Figure 4. Effects of WP:CE5 expression on saccharification. (A) Sugar yields of enzymatic hydrolysis without pretreatment. (B) Sugar yields of enzymatic hydrolysis after acid pretreatment. (C) Combined sugar yields of pretreatment liquid and enzymatic hydrolyzate. Data are means ± SE, N = 3 technical replicates of a pooled material from four trees. P-values correspond to ANOVA contrast analysis comparing all transgenic lines to WT.
With acid pretreatment, the transgenic aspen gave 8% higher glucose yield in the pretreatment liquid than the WT (data not shown), and also 3% higher glucose yield in the enzymatic saccharification (Figure 4B). Most of the xylan was hydrolyzed in the acid pretreatment (data not shown), which resulted in higher xylan recoveries for the transgenic aspen (59.1%) than for the WT (55.6%) even though the total xylose yield was not affected (Figure 4C). When the sugars released in both the pretreatment liquid and the enzymatic hydrolyzate are combined, the WT reached 65.7% glucan recovery and 58.6% xylan recovery, whereas the transgenic aspen reached 70.2% glucan recovery and 61.7% xylan recovery. The results show that the transgenic aspen had improved glucan recovery and yields, and indicate that the xylan in the transgenic aspen was easier to degrade during the pretreatment.

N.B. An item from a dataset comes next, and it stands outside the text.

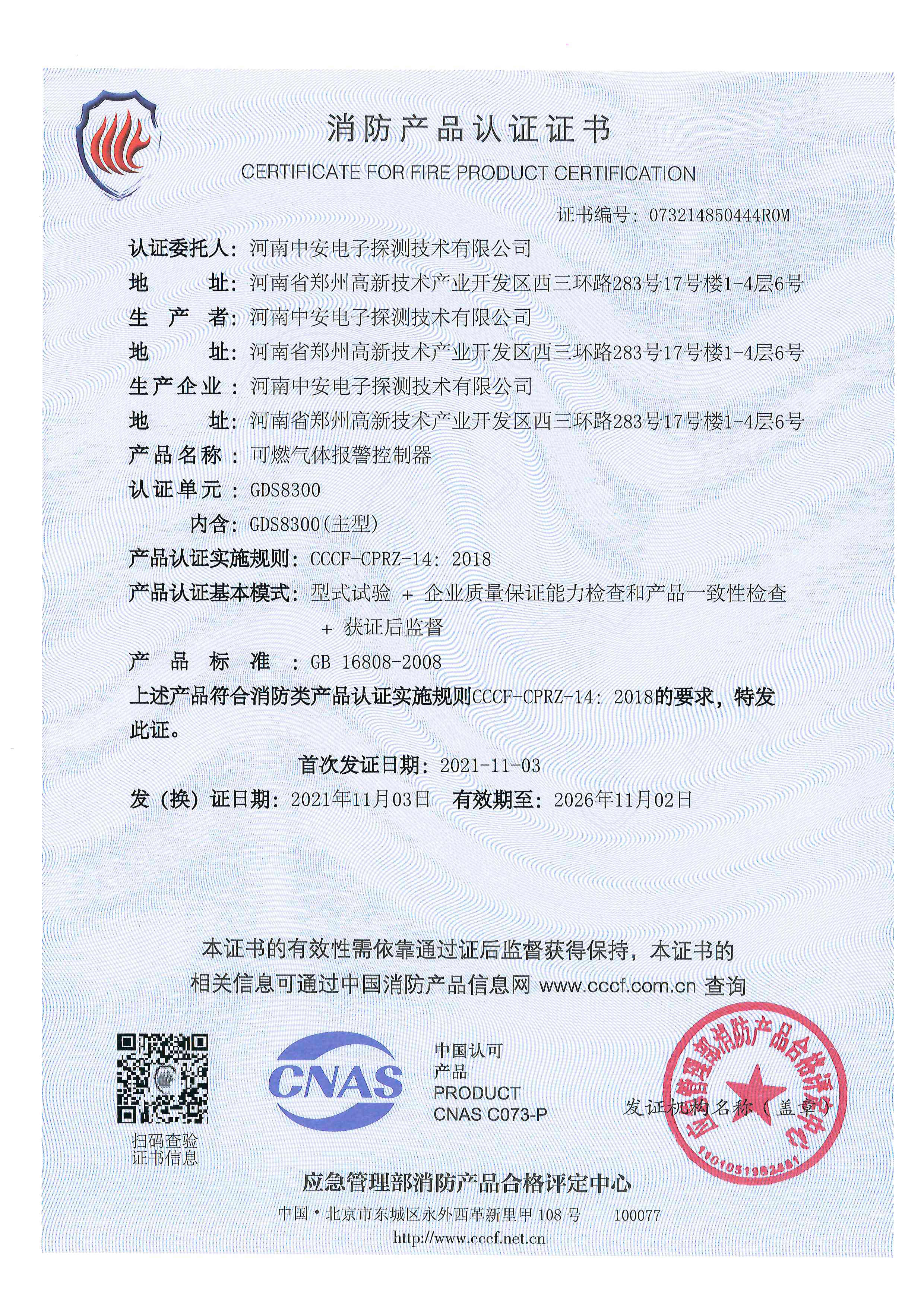 GDS8300消防產(chǎn)品證書

Two methods were employed to compare the properties of the cell wall nanostructure of the transgenic plants and the WT, viz. Brunauer–Emmett–Teller (BET) analysis (Brunauer et al., 1938) and Simons’ staining (Chandra and Saddler, 2012). While BET analysis was carried out using air-dried wood powder or pretreated wood powder, Simons’ staining was carried out using wood powder or pretreated wood powder suspended in water to simulate the conditions during a saccharification reaction.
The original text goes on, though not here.